Menanggapi kondisi ini, Kabid Humas Polda Sumut Kombes Pol Tatan Dirsan Atmadja menyebutkan, Kapolda Sumut Irjen Pol Martuani Sormin telah berkoordinasi dengan pihak Lapas di Sumatera Utara.

Dalam koordinasi itu pihaknya berencana melakukan pembangunan atau merelokasi ruangan tahanan baru di eks Sekolah Polisi Sampali Sumut.

“Kita sudah koordinasi, dalam hal ini Krimum Poldasu dengan Lapas untuk membangun Rumah Tahanan Polisi (RTP) di eks Sampali,” kata Tatan, Senin (10/8/2020).

Namun, karena situasi saat ini masih pandemi Covid-19, pembangunan rumah tahanan itu masih ditunda.

“Situasi saat ini masih Covid-19, jadi pembangunannya tertunda sampai waktu yang belum ditentukan,” ucap Tatan.

Untuk saat ini, pihak kepolisian masih memanfaatkan secara maksimal ruangan tahanan yang ada menunggu pembangunan RTP yang baru.

“Memaksimalkan RTP yang ada, namun tetap menyesuaikan situasi,” sebut mantan Waka Polrestabes Medan itu.

Seperti yang dilakukan salah satu Polsek di jajaran Polrestabes Medan, sebut Kabid, membangun ruang tahanan sendiri dengan biaya swadaya sendiri. “Karena sudah over kapasitas, Polsek tersebut berinisiatif membangun ruang tahanan sendiri,” ucapnya.

Dia menyebutkan, untuk anggaran atau biaya para tahanan yang ada di Polsek dan Polres/tabes, maupun di Poldasu, sudah ada anggarannya. Namun, dia mengaku, dengan banyaknya over kapasitasnya para tahanan, anggaran sudah pasti bertambah.

“Untuk biaya (makan) para tahanan, itu sudah dianggarkan dari pemerintah.

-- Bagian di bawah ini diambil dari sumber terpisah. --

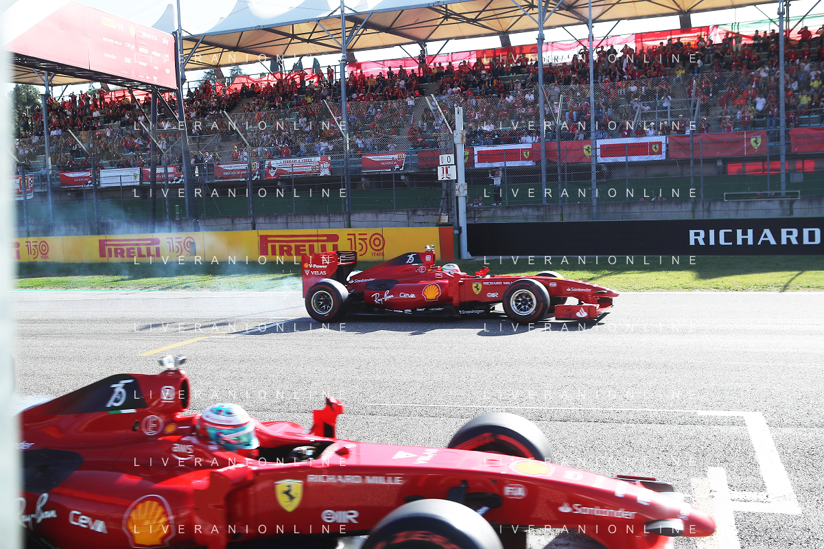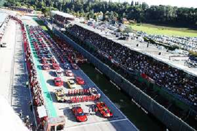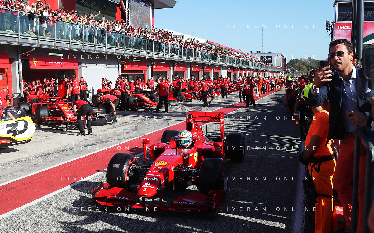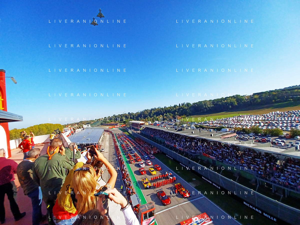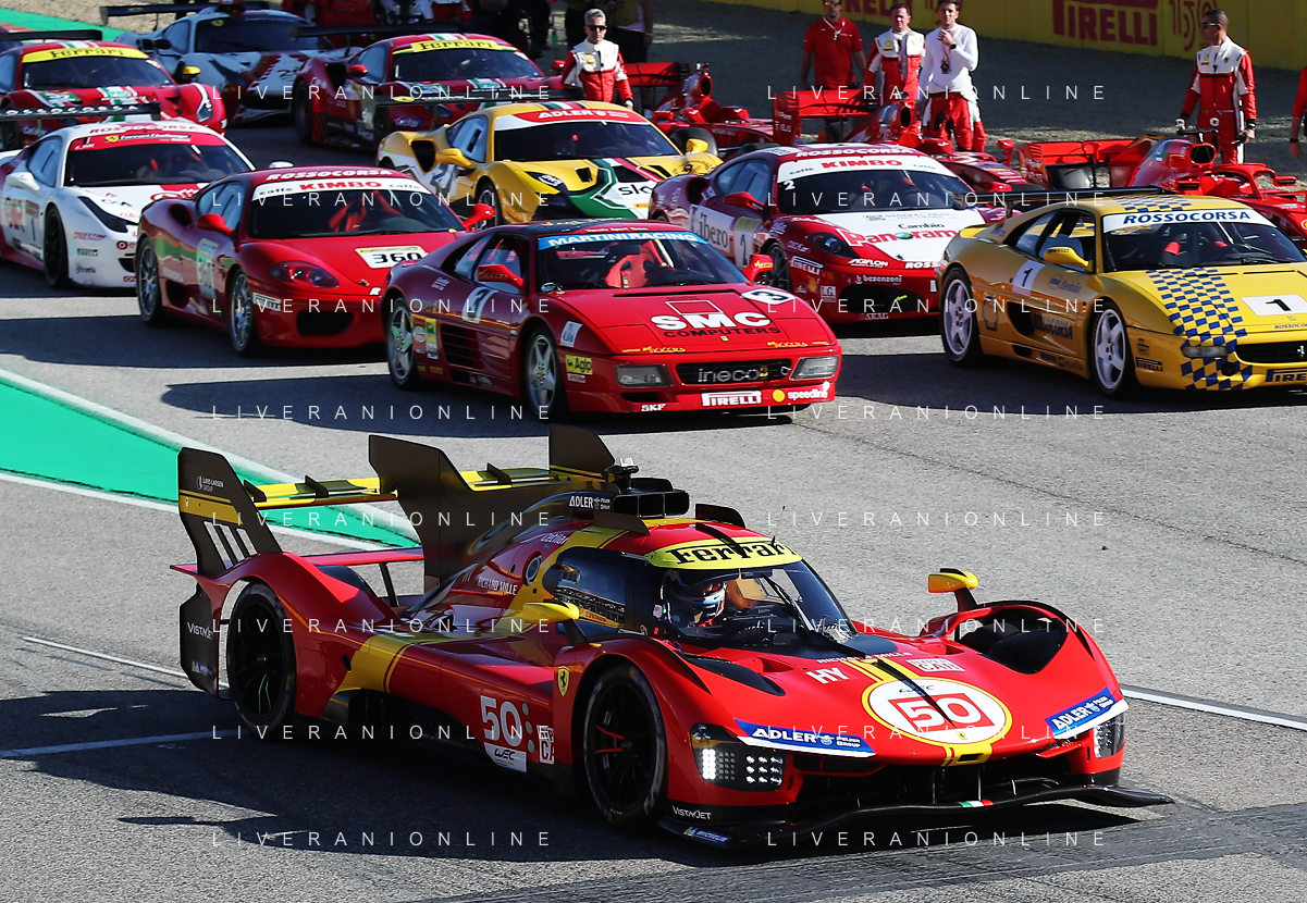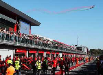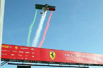 IMOLA 30 10 2022 FERRARI FINALI MONDIALI NELLA FOTO AEREO FLY SORVOLA LA PISTA, FOTO GRUPPO FERRARI CON LA NUOVA AUTO PER LA GARA LE MANS FERRARI 499P FOTO GIANNI SANNA-AG ALDO LIVERANI SAS

Tapi kalau saat ini ada kendala, nanti kita koordinasi lagi dengan pimpinan agar ada pengajuan anggaran baru,” kata Tatan.

Dengan over kapasitasnya tahanan di sel Polsek, Polres/tabes dan Poldasu, akan membuat rentannya penularan virus Covid-19 terhadap para tahanan. Namun, pihak kepolisian mensiasati agar para tahanan yang baru masuk maupun yang akan disidangkan untuk dilakukan test rapid.

“Kita kirim dulu ke Bidang Kesehatan Poldasu maupun Polres. Dilakulan rapid test terlebih dulu kepada tahanan yang baru masuk maupun yang akan disidangkan,” jelasnya.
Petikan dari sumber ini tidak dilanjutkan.